┌────────

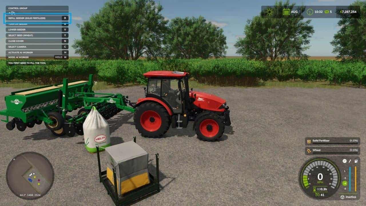 Stop guessing what you’re loading! This mod dynamically updates the “Start filling” and “Refill” prompts in your F1 menu to show the specific product name. Whether you are at a water station, a diesel pump, or parked next to a seed bag, the interface will now display exactly what is being transferred (e.g., “Start filling (Water)” or “Refill (Seeds)”). Works with map-integrated stations, buyable pallets, and big bags.
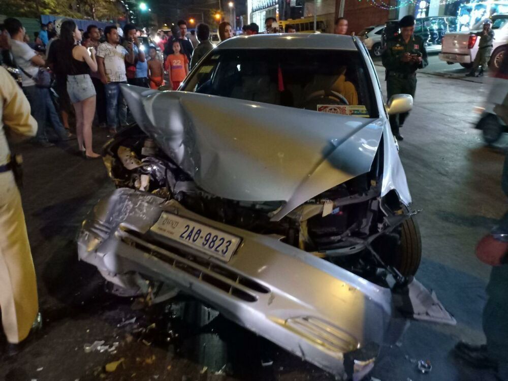 ភ្លាមៗនោះ រថយន្តបង្កមិនបានឈប់ទ្បើយ ព្យាយាមបើករត់គេចទៅដល់ចំណុចកើតហេតុ ក៏ជ្រុលទៅបុកចំគូទរថយន្តកាមរីហាយប៊្រីត ពណ៌ស ពាក់ស្លាកលេខភ្នំពេញ 2BA-4272 ដែលបើកបរដោយនារីរូបស្រស់ម្នាក់បណ្តាលឱ្យខ្ទេចគូទខាងក្រោយធ្លាក់កាង ហើយរថយន្តបង្កវិញរងការខូចខាតខ្ទេចអស់មួយកំណាត់ខាងមុខ។
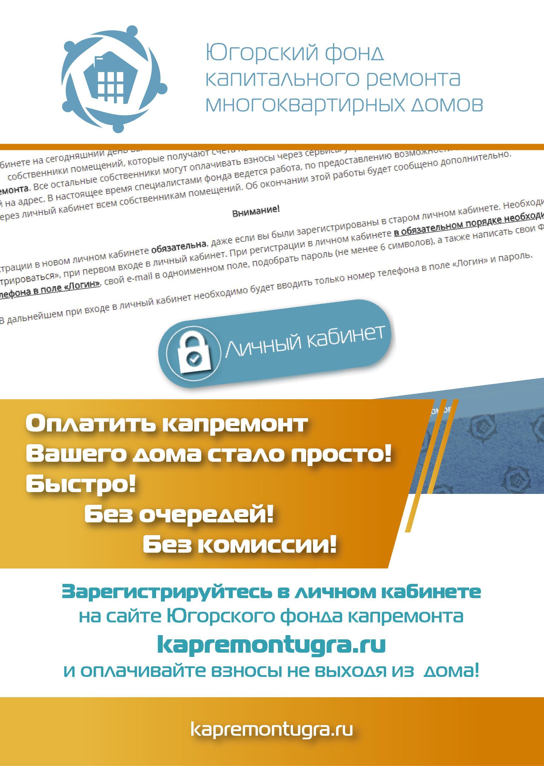 вида листовок о капремонте в автономном округе и в настоящее время приступает к их распространению в городах Югры. Листовки выпущены по разным темам. Так, одна из них касается способов оплаты взносов на капитальный ремонт. В листовке содержится информация о том, что в городах, где начисления производит сам фонд, оплатить взнос без комиссии можно при помощи сервисов банка «Открытие», при помощи личного кабинета на официальном сайте фонда и через других платежных агентов фонда.

└────────

*ABOUT THIS EXERCISE*: Print nothing except the lines from the one with "ក៏ជ្រុលទៅបុកចំគូទរថយន្តកាមរីហាយប៊្រីត ពណ៌ស ពាក់ស្លាកលេខភ្នំពេញ" through the last line of the listing, exactly as written and with pictures removed.

*OUTPUT BELOW*:
 ភ្លាមៗនោះ រថយន្តបង្កមិនបានឈប់ទ្បើយ ព្យាយាមបើករត់គេចទៅដល់ចំណុចកើតហេតុ ក៏ជ្រុលទៅបុកចំគូទរថយន្តកាមរីហាយប៊្រីត ពណ៌ស ពាក់ស្លាកលេខភ្នំពេញ 2BA-4272 ដែលបើកបរដោយនារីរូបស្រស់ម្នាក់បណ្តាលឱ្យខ្ទេចគូទខាងក្រោយធ្លាក់កាង ហើយរថយន្តបង្កវិញរងការខូចខាតខ្ទេចអស់មួយកំណាត់ខាងមុខ។
 вида листовок о капремонте в автономном округе и в настоящее время приступает к их распространению в городах Югры. Листовки выпущены по разным темам. Так, одна из них касается способов оплаты взносов на капитальный ремонт. В листовке содержится информация о том, что в городах, где начисления производит сам фонд, оплатить взнос без комиссии можно при помощи сервисов банка «Открытие», при помощи личного кабинета на официальном сайте фонда и через других платежных агентов фонда.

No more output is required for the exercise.